» INFORMATION SUPPLIED

※

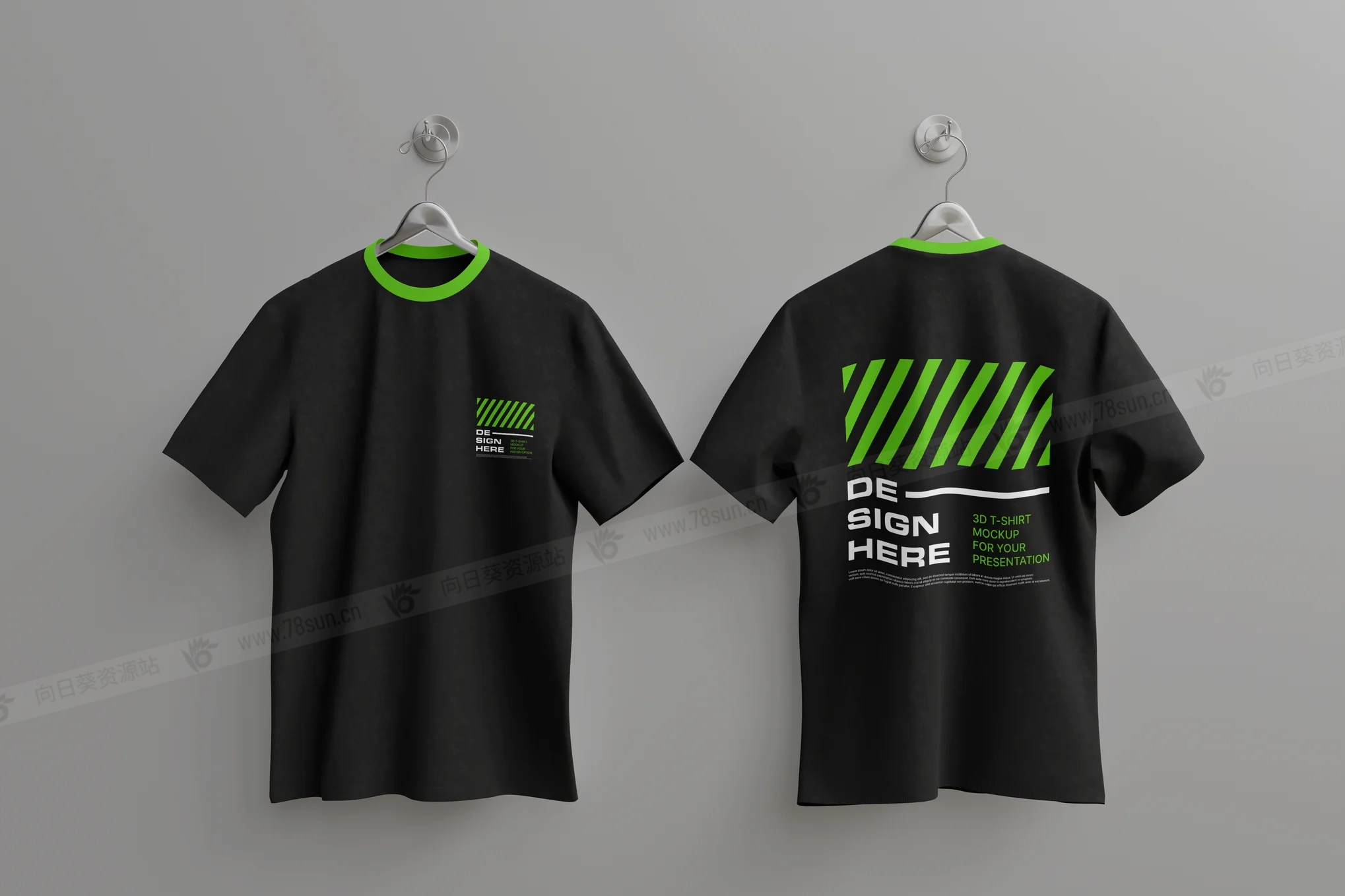 圆领短袖T恤服装品牌VI效果图展示智能贴图psd设计样机。您可以使用智能对象功能轻松快速地替换设计。以 PSD Photoshop 格式提供,具有智能对象功能,可帮助您在几秒钟内将当前设计替换为您自己的设计。
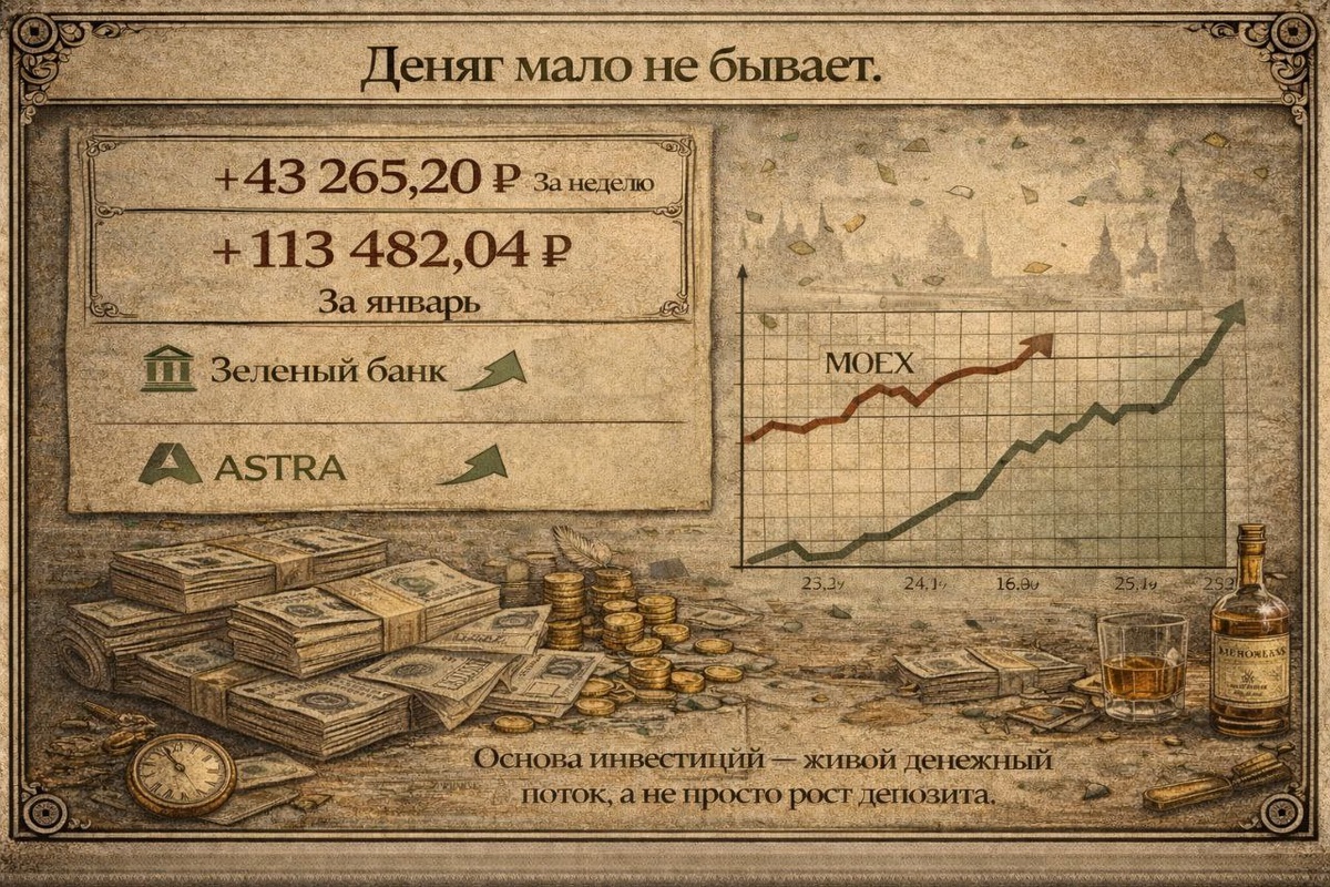 На этой неделе на счета поступила сумма в размере 43 265 рублей 20 копеек. Немного, но всегда хочется большего. За январь пришедшая сумма составила 113 482,04. Всё ушло на покупку зелёного банка, на остатки были куплены бумаги Астры. Несмотря на падение рынка в последние дни месяца, счет продолжает расти, и рост происходит выше индекса ММВБ и это не может не радовать. Не устану повторять, о том, что основой инвестиций является живой денежный поток, а не простой рост депозита. ——— ⚠️ *Данная информация не является индивидуальной инвестиционной рекомендацией. Ваши инвестиционные решения должны приниматься на основе комплексного анализа, а не только на основе мнений отдельных инвесторов.
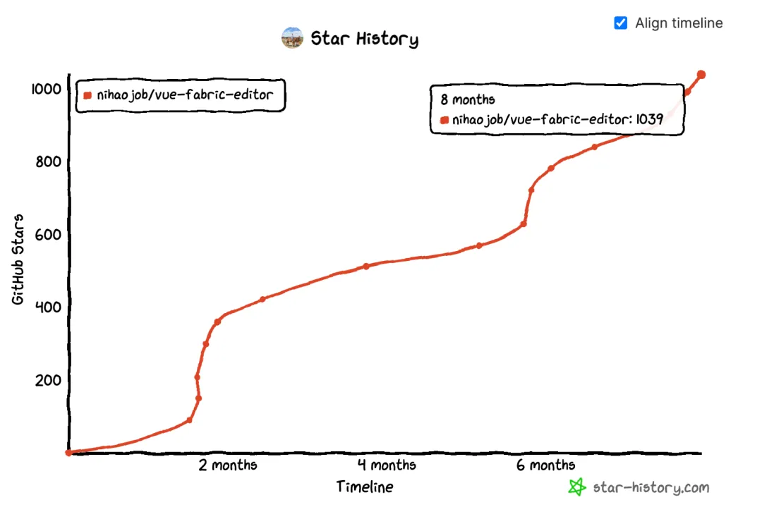 最初,帮朋友实现了一个基于 Fabric.js 开发的图片生成工具,后面将核心功能抽离并开源到了 Github 上,获得了一些关注。
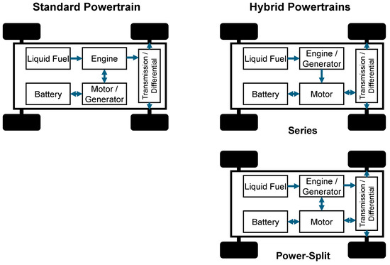 Standard vehicle powertrain (left) and hybrid powertrains (right). Hybrid powertrains are broadly classified as series or power-split.

※

» PROBLEM DETAILS
Reprint the data verbatim, pictures excluded.

» EXERCISE ANSWER
 圆领短袖T恤服装品牌VI效果图展示智能贴图psd设计样机。您可以使用智能对象功能轻松快速地替换设计。以 PSD Photoshop 格式提供,具有智能对象功能,可帮助您在几秒钟内将当前设计替换为您自己的设计。
 На этой неделе на счета поступила сумма в размере 43 265 рублей 20 копеек. Немного, но всегда хочется большего. За январь пришедшая сумма составила 113 482,04. Всё ушло на покупку зелёного банка, на остатки были куплены бумаги Астры. Несмотря на падение рынка в последние дни месяца, счет продолжает расти, и рост происходит выше индекса ММВБ и это не может не радовать. Не устану повторять, о том, что основой инвестиций является живой денежный поток, а не простой рост депозита. ——— ⚠️ *Данная информация не является индивидуальной инвестиционной рекомендацией. Ваши инвестиционные решения должны приниматься на основе комплексного анализа, а не только на основе мнений отдельных инвесторов.
 最初,帮朋友实现了一个基于 Fabric.js 开发的图片生成工具,后面将核心功能抽离并开源到了 Github 上,获得了一些关注。
 Standard vehicle powertrain (left) and hybrid powertrains (right). Hybrid powertrains are broadly classified as series or power-split.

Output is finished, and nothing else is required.